- Film poster
- Directed by: Scott Abramovitch
- Written by: Scott Abramovitch
- Based on: The Locklear Letters by Michael Kun
- Produced by: Scott Abramovitch; David J. Phillips;
- Starring: Tony Hale; Paul Walter Hauser; Danielle Brooks; Elisha Cuthbert;
- Cinematography: Phil Miller
- Edited by: Salamo Levin
- Music by: Kevin Krouglow
- Production company: Embelle Films
- Distributed by: Screen Media Films
- Release date: September 25, 2020 (CIFF);
- Running time: 89 minutes
- Country: Canada
- Language: English

= Eat Wheaties! =

2020 Canadian comedy film

Eat Wheaties! is a 2020 Canadian comedy film written and directed by Scott Abramovitch, and produced by Abramovitch and David J. Phillips. The film is an adaptation of Michael Kun's 2003 novel The Locklear Letters updated for the social media era. It stars Tony Hale as Sid Straw, a man who becomes co-chair of the University of Pennsylvania planning committee for his college reunion, only to become obsessed with proving that he was friends with actress Elizabeth Banks in their student days.

==Plot==
Sid is a software company manager who is asked to help plan a reunion for West Coast graduates of the University of Pennsylvania. One of the graduates is Elizabeth Banks. She knew him in college and Sid sends her numerous messages, not realizing they are public. Elizabeth's agent Frankie finds out he is sending the messages and gets concerned that Sid is a stalker. Sid asks for an autographed photo for his brother Tom's birthday but it is messed up and he has to ask for a replacement. Frankie finally has a restraining order issued which Sid vows to fight. However, Sid goes viral and loses his job. Sid finds a cheap lawyer James to fight the restraining order but has to wait for the lawyer to pass the bar. When Sid goes before a judge he is unable to produce sufficient evidence to get the restraining order dropped. As the judge is about to rule, Sid remembers the story of how Elizabeth inspired the volleyball team to play harder against a very good team. The judge rules in Sid's favor. Sid goes to the reunion and gets another job. Tom's wife gives birth and while Sid is visiting he gets a phone call. Though he doesn't answer, Elizabeth is heard by the movie audience leaving a message telling Sid how she remembers him fondly and has been filming a movie out of the country. As she used to do, she says goodbye by saying, "Eat Wheaties."

== Release ==
The film premiered on September 25, 2020 at the Calgary International Film Festival, and had its American premiere at the Heartland Film Festival in October 2020 where it was the Opening Night film and won the Humor And Humanity Award. It was subsequently screened at the 2020 San Diego International Film Festival, winning the Best Comedy Award, and the 2020 Whistler Film Festival, where Norman Wilner of Now wrote that "If any movie at this festival has a chance at cult status, it’s this one." It was released theatrically and on VOD in the United States on April 30, 2021 by Screen Media Films and won the Best Feature Film and People's Choice Best Feature Film awards at the 2022 Borrego Springs Film Festival as well as the Best Feature Film, Humor/Satire at 2022's Filmfest Bremen.

== Reception ==
 Metacritic, which uses a weighted average, assigned the film a score of 40 out of 100, based on 8 critics, indicating "mixed or average" reviews.

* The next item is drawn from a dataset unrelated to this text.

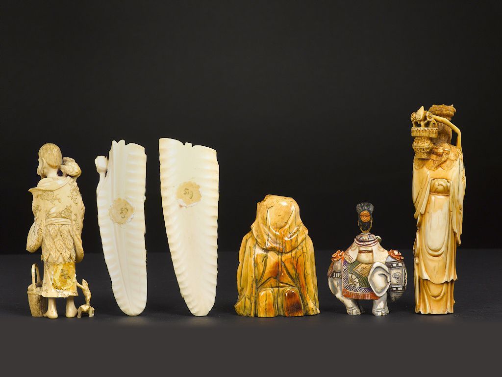 Sei pezzi scolpiti in avorio raffiguranti personaggi, Cina, Dinastia Qing, XIX secolo

Lou Harry of the Midwest Film Journal gave the film a positive review, writing: "Eat Wheaties! is one of my favorite films this year. Honestly. It's got the cringe-laughs of a good episode of Curb Your Enthusiasm but with a sweet, gentle heart beating inside it." Gabriel Sigler of Bad Feeling wrote that "Eat Wheaties! is one of the most enjoyable films of the year." The critical consensus on Rotten Tomatoes reads, "It frequently fumbles its attempts to balance cringe comedy and sincere drama, but Tony Hale's charm helps keep Eat Wheaties! from getting soggy."

Richard Roeper's three star (out of four) review in the Chicago Sun Times noted "in the hands of writer-director Scott Abramovitch and with the considerable contributions of an outstanding cast that also includes Kylie Bunbury (“Big Sky”) and Paul Walter Hauser (“Richard Jewell”), “Eat Wheaties” is a dryly funny, even sweet and surprisingly touching story".